### Directions for this task
Only the lines from the top of the records below through the line containing "The Neop application" should be printed, exactly and without pictures.

### Input records
☆ ☆ ☆ ☆ ☆

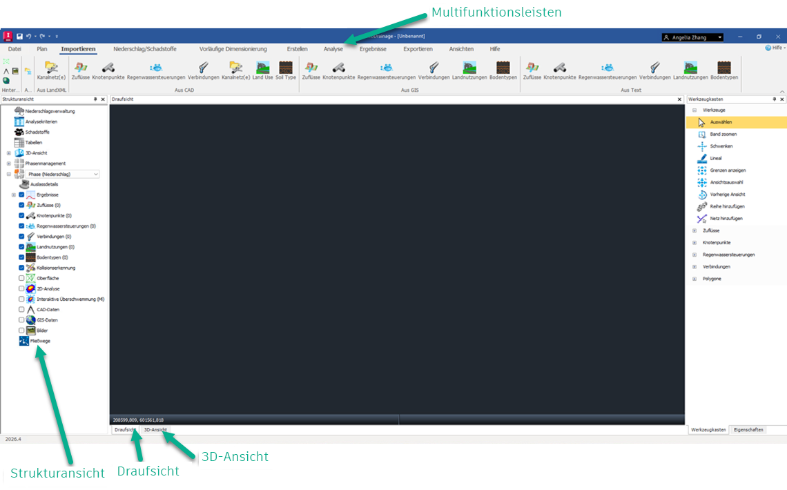 This is the main screen of InfoDrainage that is visible when creating and analyzing networks. The main parts are seen below:
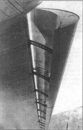 Внутренняя часть закрылка при увеличении стреловидности крыла складывается, образуя аэродинамический гребень
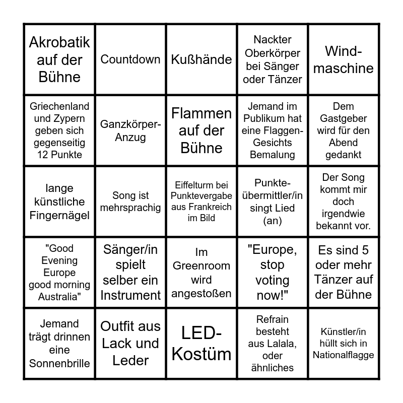 This bingo card has a free space and 48 words: Moderator/in hat sich umgezogen, Künstler/in hüllt sich in Nationalflagge, Traditionelles Kostüm / Tracht, LED-Kostüm, Sänger/in spielt selber ein Instrument, Kleidungsstück ändert sich während des Auftritts, Countdown, Handherzen für die Zuschauer, Griechenland und Zypern geben sich gegenseitig 12 Punkte, Nebel auf der Bühne, Ganzkörper- Anzug, Nackter Oberkörper bei Sänger oder Tänzer, Es sind 5 oder mehr Tänzer auf der Bühne, "Europe, stop voting now!", Telefongeste in die Kamera, Punkte-vergabe wird erklärt, Flammen auf der Bühne, Punkte-übermittler/in singt Lied (an), "Love" oder "Peace" in den Lyrics, Wind-maschine, Song ist mehrsprachig, Refrain besteht aus Lalala, oder ähnliches, Akrobatik auf der Bühne, Jemand im Publikum hat eine Flaggen- Gesichts Bemalung, Act ist kurios und antimelodisch, Dem Gastgeber wird für den Abend gedankt, Jemand trägt drinnen eine Sonnenbrille, Deutschland kriegt von einem Land mehr als 1P., Im Greenroom wird angestoßen, "Good Evening Europe good morning Australia", Sänger/in ist Barfuß, Jemand sagt „Grand Prix“, Thorsten Schorn macht einen zynischen Kommentar, 12 Punkte für Deutschland, Outfit aus Lack und Leder, Duett, Konfetti-Regen, Der Song kommt mir doch irgendwie bekannt vor., Goldregen, Overknees, "You're good to go", Die Halle singt laut hörbar mit, Kußhände, Postcard , d.h. Länder-vorstellung, mit Tieren, lange künstliche Fingernägel, Sänger/in steht auf Podest oder ähnlichem, Sänger/in löst LED-Effekte auf Bühne aus and wie aus einem Horrorfilm.
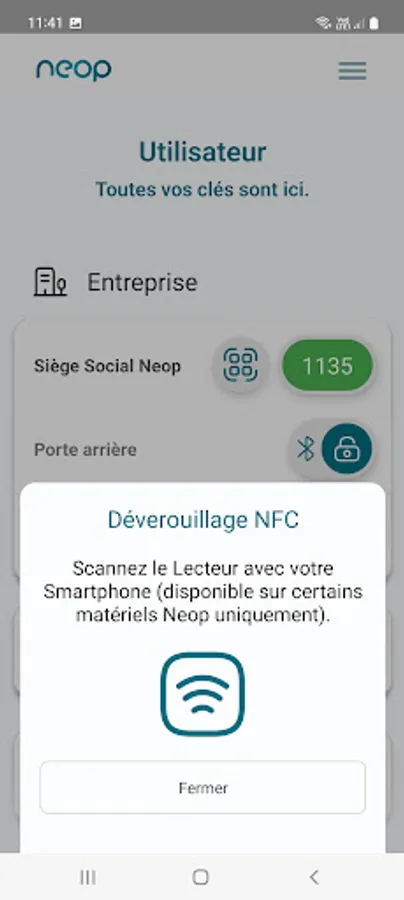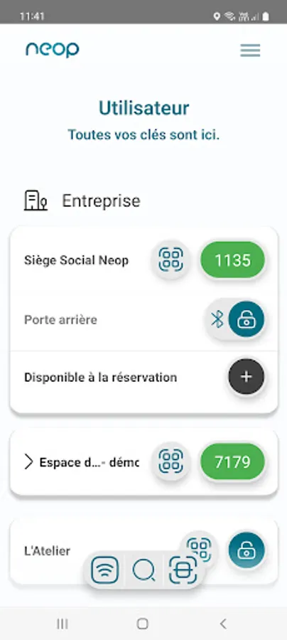 The Neop application simplifies requests for access to shared premises. Hand over the keys in seconds. The Neop app gives you the list of spaces for which you have access rights. Each code is personal and ephemeral.
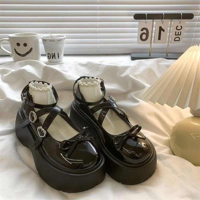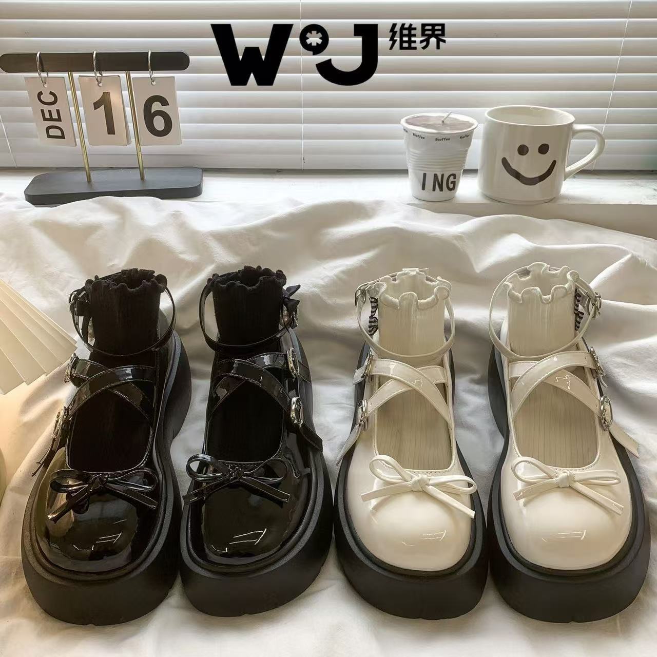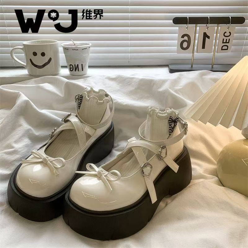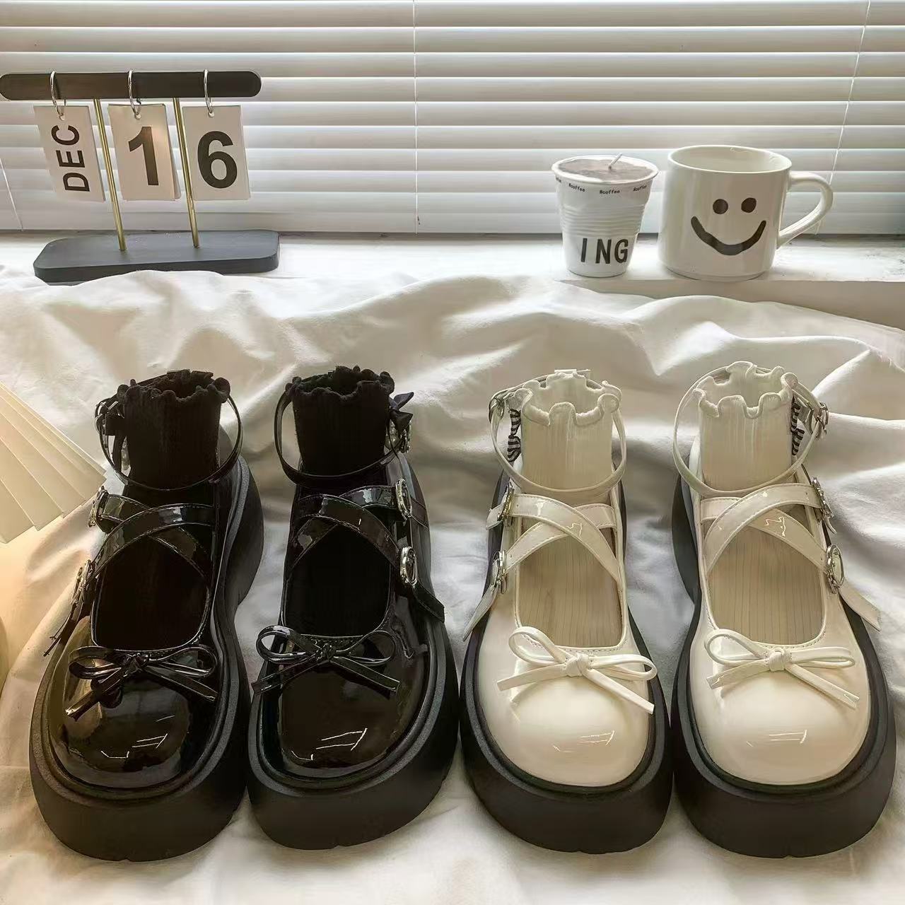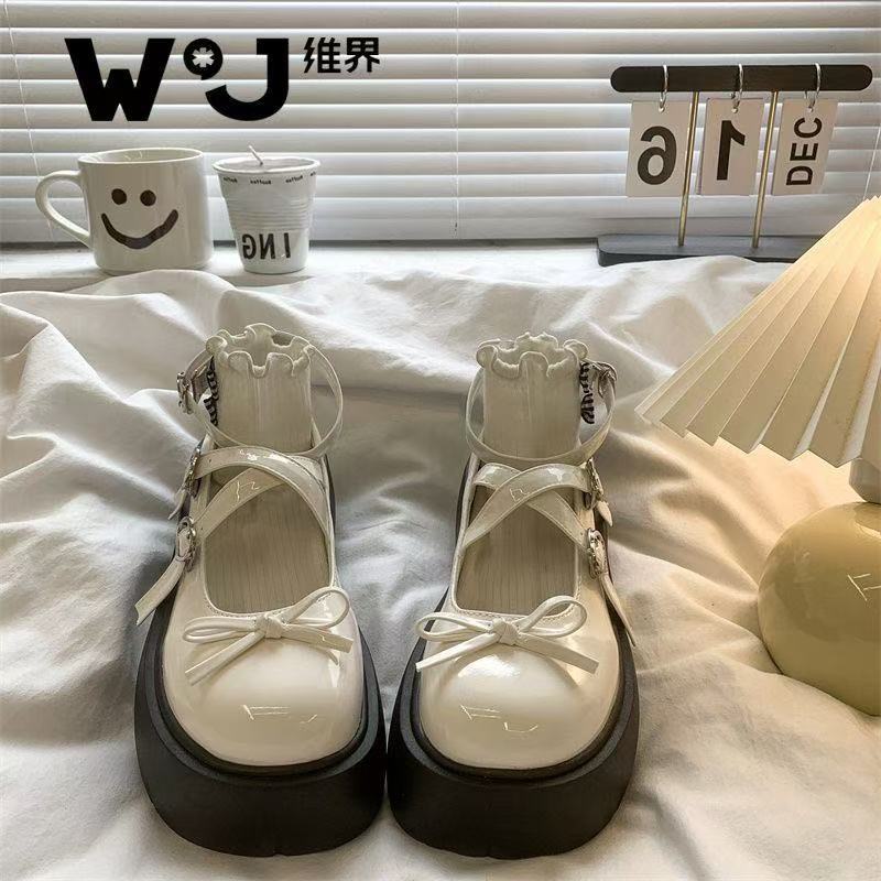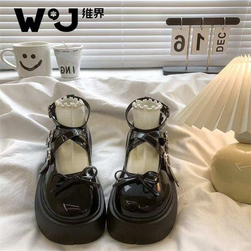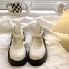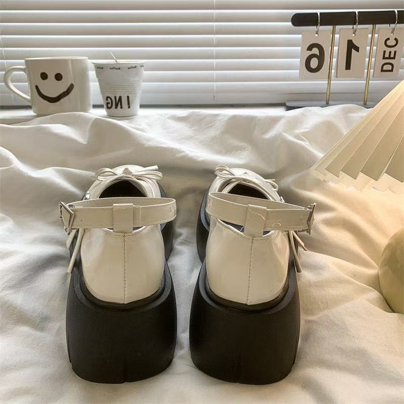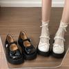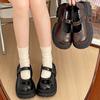 Zapatos de cuero estilo francés con punta redonda, tacón grueso y suela gruesa para mujer, primavera 2025, estilo retro Mary Jane, zapatos de boca baja con falda

☆ ☆ ☆ ☆ ☆

### Result of the task
 This is the main screen of InfoDrainage that is visible when creating and analyzing networks. The main parts are seen below:
 Внутренняя часть закрылка при увеличении стреловидности крыла складывается, образуя аэродинамический гребень
 This bingo card has a free space and 48 words: Moderator/in hat sich umgezogen, Künstler/in hüllt sich in Nationalflagge, Traditionelles Kostüm / Tracht, LED-Kostüm, Sänger/in spielt selber ein Instrument, Kleidungsstück ändert sich während des Auftritts, Countdown, Handherzen für die Zuschauer, Griechenland und Zypern geben sich gegenseitig 12 Punkte, Nebel auf der Bühne, Ganzkörper- Anzug, Nackter Oberkörper bei Sänger oder Tänzer, Es sind 5 oder mehr Tänzer auf der Bühne, "Europe, stop voting now!", Telefongeste in die Kamera, Punkte-vergabe wird erklärt, Flammen auf der Bühne, Punkte-übermittler/in singt Lied (an), "Love" oder "Peace" in den Lyrics, Wind-maschine, Song ist mehrsprachig, Refrain besteht aus Lalala, oder ähnliches, Akrobatik auf der Bühne, Jemand im Publikum hat eine Flaggen- Gesichts Bemalung, Act ist kurios und antimelodisch, Dem Gastgeber wird für den Abend gedankt, Jemand trägt drinnen eine Sonnenbrille, Deutschland kriegt von einem Land mehr als 1P., Im Greenroom wird angestoßen, "Good Evening Europe good morning Australia", Sänger/in ist Barfuß, Jemand sagt „Grand Prix“, Thorsten Schorn macht einen zynischen Kommentar, 12 Punkte für Deutschland, Outfit aus Lack und Leder, Duett, Konfetti-Regen, Der Song kommt mir doch irgendwie bekannt vor., Goldregen, Overknees, "You're good to go", Die Halle singt laut hörbar mit, Kußhände, Postcard , d.h. Länder-vorstellung, mit Tieren, lange künstliche Fingernägel, Sänger/in steht auf Podest oder ähnlichem, Sänger/in löst LED-Effekte auf Bühne aus and wie aus einem Horrorfilm.
 The Neop application simplifies requests for access to shared premises. Hand over the keys in seconds. The Neop app gives you the list of spaces for which you have access rights. Each code is personal and ephemeral.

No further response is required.